Saved data entries
---

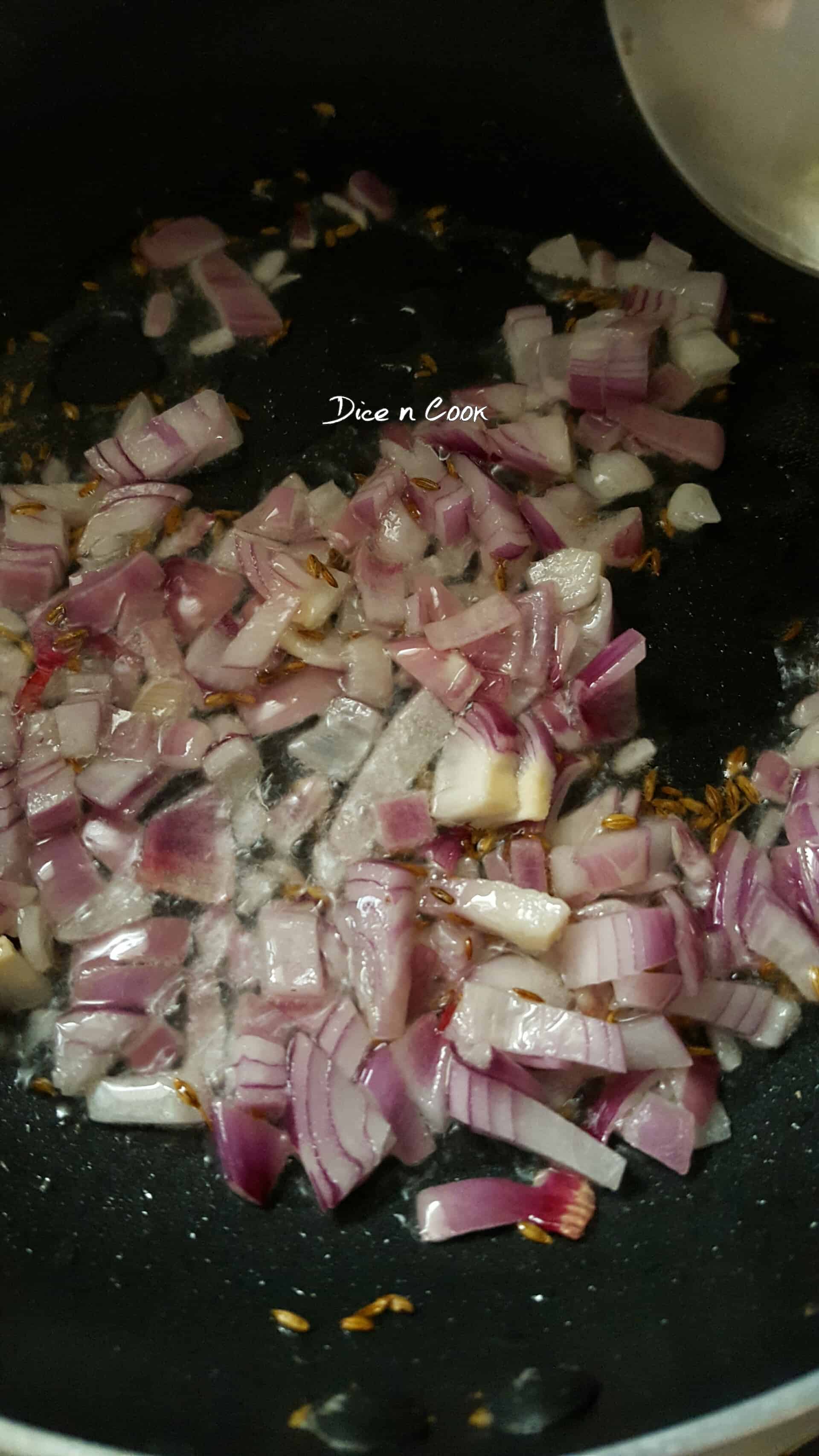 - Heat a pan, add oil, saute cumin, onion till golden.
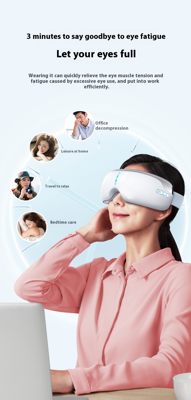 - 42°C Consistent Heat Therapy: Built-in warm sensors maintain a consistent 42°C temperature, promoting blood circulation around the eyes. This not only soothes the muscles but also helps to reduce puffiness and dark circles.
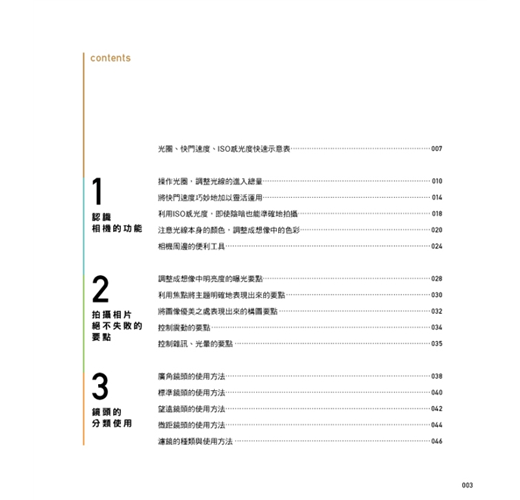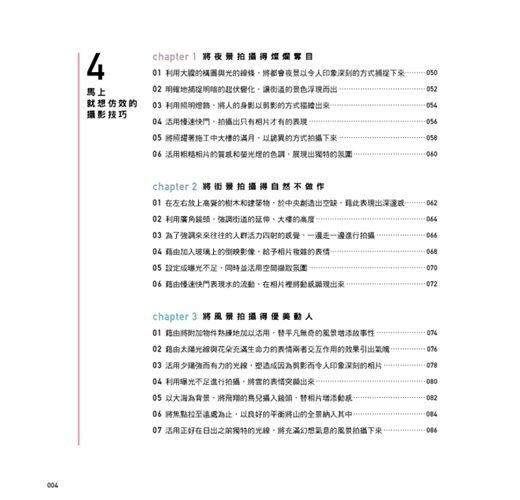 另外,充滿美感的相片之所以充滿美感,必定有其理由所在。在本書中,將以專業攝影師所拍攝的大量各式相片作為範例,為什麼這一張相片充滿美感?又或者此張相片是以什麼為目標拍攝而成的呢?將上述這些理由附註上去,一一為讀者做解說。如果可以理解這些說明,並且將之應用到自己的相片上的話,所有的讀者也一定都可以拍攝出充滿美感的相片。
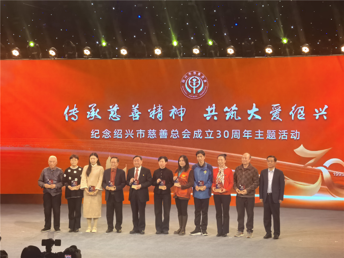 绍兴市慈善总会成立30周年慶典,在绍兴市电视台演播厅隆重举行,浙江省十八届政协副主席、浙江省慈善总会会长裘东耀、绍兴市委书记施惠芳、绍兴市委副书记、绍兴市市长吴登芬、绍兴市副市长罗延发、绍兴市人大主任谭志桂、绍兴市政协主席张新宇、绍兴市政协副主席、市委秘书长马国灿、绍兴市第八届人大副主任、市慈善总会会长胡水君、老领导袁长寿等市委市政府相关领导莅临出席,欢乐慈爱义工团团长、理事长裘宇飞,秘书长刘丽佳,秘书徐樱桃,办公室主任朱迎春,项目部部长严彬,以及优秀志愿者代表一行应邀参加,欢乐慈爱工团荣获绍兴市优秀志愿服务组织奖,秘书长刘丽佳代表欢乐慈爱义工团,领取了沉甸甸的奖杯!
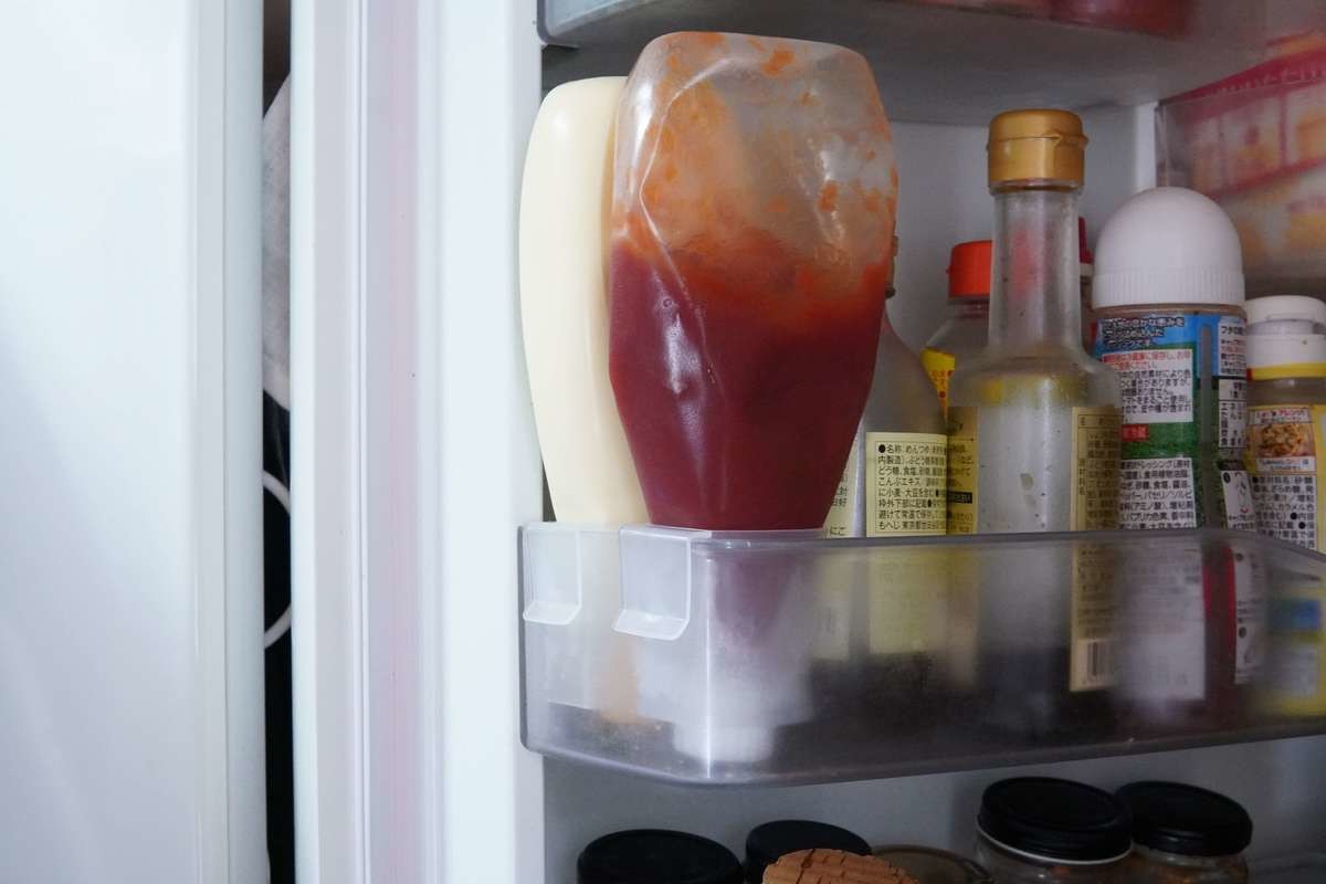 マヨネーズやケチャップは、量が減ってくるとくたっと曲がって倒れてしまい、収納しにくくて困っていました。

---

> **PROBLEM STATEMENT**
Please set down exactly the lines from the first line of the data above through the line with "另外,充滿美感的相片之所以充", both included, leaving out the pictures.

> **OUTPUT**
 - Heat a pan, add oil, saute cumin, onion till golden.
 - 42°C Consistent Heat Therapy: Built-in warm sensors maintain a consistent 42°C temperature, promoting blood circulation around the eyes. This not only soothes the muscles but also helps to reduce puffiness and dark circles.
 另外,充滿美感的相片之所以充滿美感,必定有其理由所在。在本書中,將以專業攝影師所拍攝的大量各式相片作為範例,為什麼這一張相片充滿美感?又或者此張相片是以什麼為目標拍攝而成的呢?將上述這些理由附註上去,一一為讀者做解說。如果可以理解這些說明,並且將之應用到自己的相片上的話,所有的讀者也一定都可以拍攝出充滿美感的相片。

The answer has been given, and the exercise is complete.